It’s the beginning of a new year, typically the time people make resolutions. A popular one is to improve their health. Besides joining a gym, they begin wearing devices that monitor and record their performance, like a Fitbit. The device gives real-time feedback on how they are doing and if they need to adjust their performance. Imagine a Fitbit for an entire system, like a giant wind-turbine farm.
Well, that is what ISE assistant professor Sara Shashaani, along with Eunshin Byon from the Industrial and Operations Engineering Department at the University of Michigan, is researching thanks to a three-year grant from the Engineering Directorate of the National Science Foundation (NSF). “A peer-reviewed grant from the NSF indicates that other researchers and government leaders think the research is important,” said Julie Swann, ISE department head.
What is a Digital Twin?
Their research focuses on using big data to tune existing digital twins. So, what is a digital twin? “A digital twin is a virtual representation of a physical system, a collection of computationally expensive simulation models based on the physics of the system,” explained Shashaani. “It is a concept gaining increased popularity these days for its potential to revolutionize several fields, such as renewable energy production.”
For example, researchers will equip a wind turbine with sensors to record data about the different parts of the turbine’s performance. That data is sent in real-time to a processing system and then to the digital copy of the turbine.
With this data, the virtual model can run multiple simulations to study various performance issues and generate valuable insights on improving the turbine’s output. These insights are then applied back to the turbine.

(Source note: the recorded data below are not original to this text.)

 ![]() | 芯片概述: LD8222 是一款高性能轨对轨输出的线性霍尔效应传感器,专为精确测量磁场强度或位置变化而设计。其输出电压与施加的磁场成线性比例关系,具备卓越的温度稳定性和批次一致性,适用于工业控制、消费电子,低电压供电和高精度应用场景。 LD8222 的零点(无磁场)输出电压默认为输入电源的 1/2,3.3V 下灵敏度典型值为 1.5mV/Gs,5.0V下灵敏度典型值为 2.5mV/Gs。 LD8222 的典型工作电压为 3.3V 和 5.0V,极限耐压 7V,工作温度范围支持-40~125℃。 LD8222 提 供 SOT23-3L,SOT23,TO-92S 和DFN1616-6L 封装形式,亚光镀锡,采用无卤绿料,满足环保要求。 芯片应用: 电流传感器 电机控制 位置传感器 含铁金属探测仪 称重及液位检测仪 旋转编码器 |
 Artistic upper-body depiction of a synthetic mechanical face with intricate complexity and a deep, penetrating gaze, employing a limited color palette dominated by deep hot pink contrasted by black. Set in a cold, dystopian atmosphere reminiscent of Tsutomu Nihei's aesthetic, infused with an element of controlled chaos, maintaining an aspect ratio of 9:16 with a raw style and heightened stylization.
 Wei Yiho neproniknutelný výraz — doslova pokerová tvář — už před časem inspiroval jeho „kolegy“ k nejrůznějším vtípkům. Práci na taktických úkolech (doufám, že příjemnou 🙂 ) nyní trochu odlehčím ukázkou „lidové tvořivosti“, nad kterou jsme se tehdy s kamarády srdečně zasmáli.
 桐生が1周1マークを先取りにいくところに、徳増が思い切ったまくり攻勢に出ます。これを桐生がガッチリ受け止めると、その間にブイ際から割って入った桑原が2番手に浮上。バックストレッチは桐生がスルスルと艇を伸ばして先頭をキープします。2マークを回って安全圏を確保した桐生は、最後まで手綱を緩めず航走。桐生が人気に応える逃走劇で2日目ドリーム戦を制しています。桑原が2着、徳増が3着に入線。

One of the challenges with digital twins is processing the vast amounts of data collected from the physical system, even with cutting-edge computing capabilities. For example, the year-long data of a single wind farm (500,000+ measurements) would require more than 8,000 hours of run time for calibrating only one parameter.
“This project aims to develop efficient and robust methods for calibrating digital twins using big observational data,” said Shashaani. She will develop stochastic optimization methods integrated with sampling techniques to identify small subsets of the large data containing the same amount of information. This approach will help with speed but will also provide reliable calibrations. Digital twins will only be effective if they are well-calibrated.

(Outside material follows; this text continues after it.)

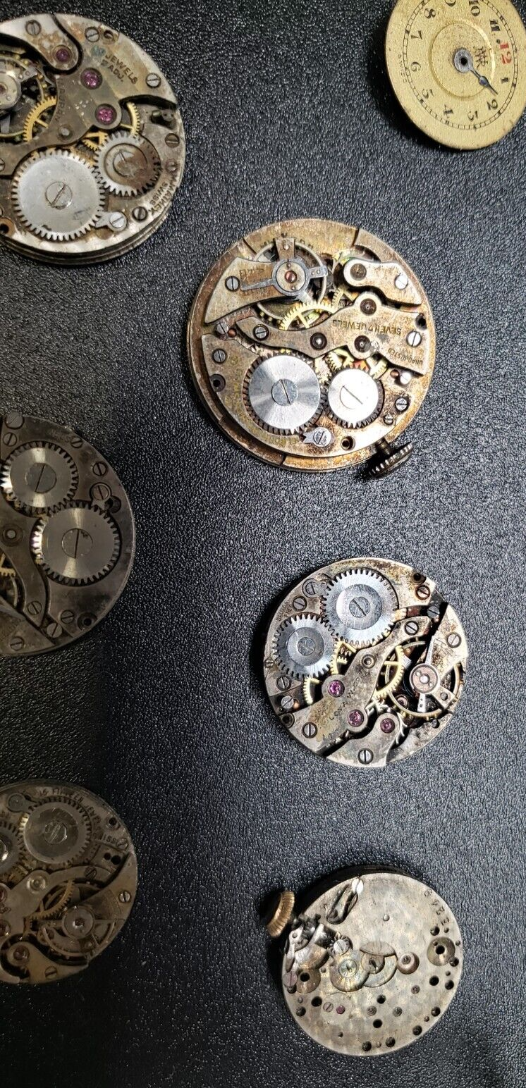 LOT o 11 Vintage Antique 20's 30's Art Deco Watch Movements Bulova Gotham Elbon see condition above. I am not an expert on these. We got a huge supply off a watch maker that went out of business years ago. He had all these movements in this container, as if it was the same timeframe or something. This is nice watch movement lot here. Not sure where the rest of this is. But hopefully you can use this!!!! This should be good lot for watch maker / repairer. this may need to be cleaned up, but does not have scuffs or scratches Please check out my other vintage watch parts and crystal. we have lots of them and more to list. I will give deals on multi-orders!!!! FREE SHIP IN USA

“The outcome of this project will enable the effective usage of digital twins for real-world decision-making with robust use of large datasets in a short time,” explained Shashaani.

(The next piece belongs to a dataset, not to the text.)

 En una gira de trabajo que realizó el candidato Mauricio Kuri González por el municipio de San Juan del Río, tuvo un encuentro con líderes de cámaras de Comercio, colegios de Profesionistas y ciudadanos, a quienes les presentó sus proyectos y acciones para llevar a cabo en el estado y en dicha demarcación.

While she and her collaborators will show how their methods can improve the performance of wind farms and building heating and cooling as a prototype, the impact of their research will go beyond just energy applications. “It can benefit supply chain management, healthcare, and manufacturing systems, by establishing a digital counterpart of reality via cost-effective yet accurate simulation,” shared Shashaani.
Collaboration with the National Renewable Energy Laboratory and Risø National Laboratory in Denmark will allow this project’s outcomes to have a high chance of being implemented to improve current systems. The project has a vital educational component, such as summer camps and undergraduate researchers’ recruitment.
“We all celebrate when our faculty, especially our newer faculty, obtain a grant from the NSF,” said Swann. “Dr. Shashaani is developing the exciting methodology to solve significant problems for humankind.”
Want more details about Shashaani’s NSF grant? Go to the NSF website.
Sara Shashaani joined the Department of Industrial and Systems Engineering as an assistant professor in January 2019. Before joining the NC State faculty, she was a postdoctoral fellow at the Department of Industrial and Operations Engineering at the University of Michigan, where she worked on designing and improving probabilistic predictive models specifically used for hurricane-induced power outages, with challenges in highly imbalanced datasets and a large set of explanatory variables. Her dissertation research in the area of derivative-free simulation optimization awarded her a Ph.D. degree in Industrial Engineering from Purdue University in 2016. Besides her research, she is passionate about activities that target the environment, community wellness, and science communication.
Eunshin Byon’s research interests include reliability evaluation, fault diagnosis/condition monitoring, predictive modeling and data analytics, and operations and maintenance decision-making for stochastic systems. Her recent research focuses on uncertainty quantification of stochastic systems using stochastic simulations, reliability analysis and improvement of large-scale, interconnected systems with applications to renewable power systems and manufacturing processes. She is a member of IIE, INFORMS, and IEEE.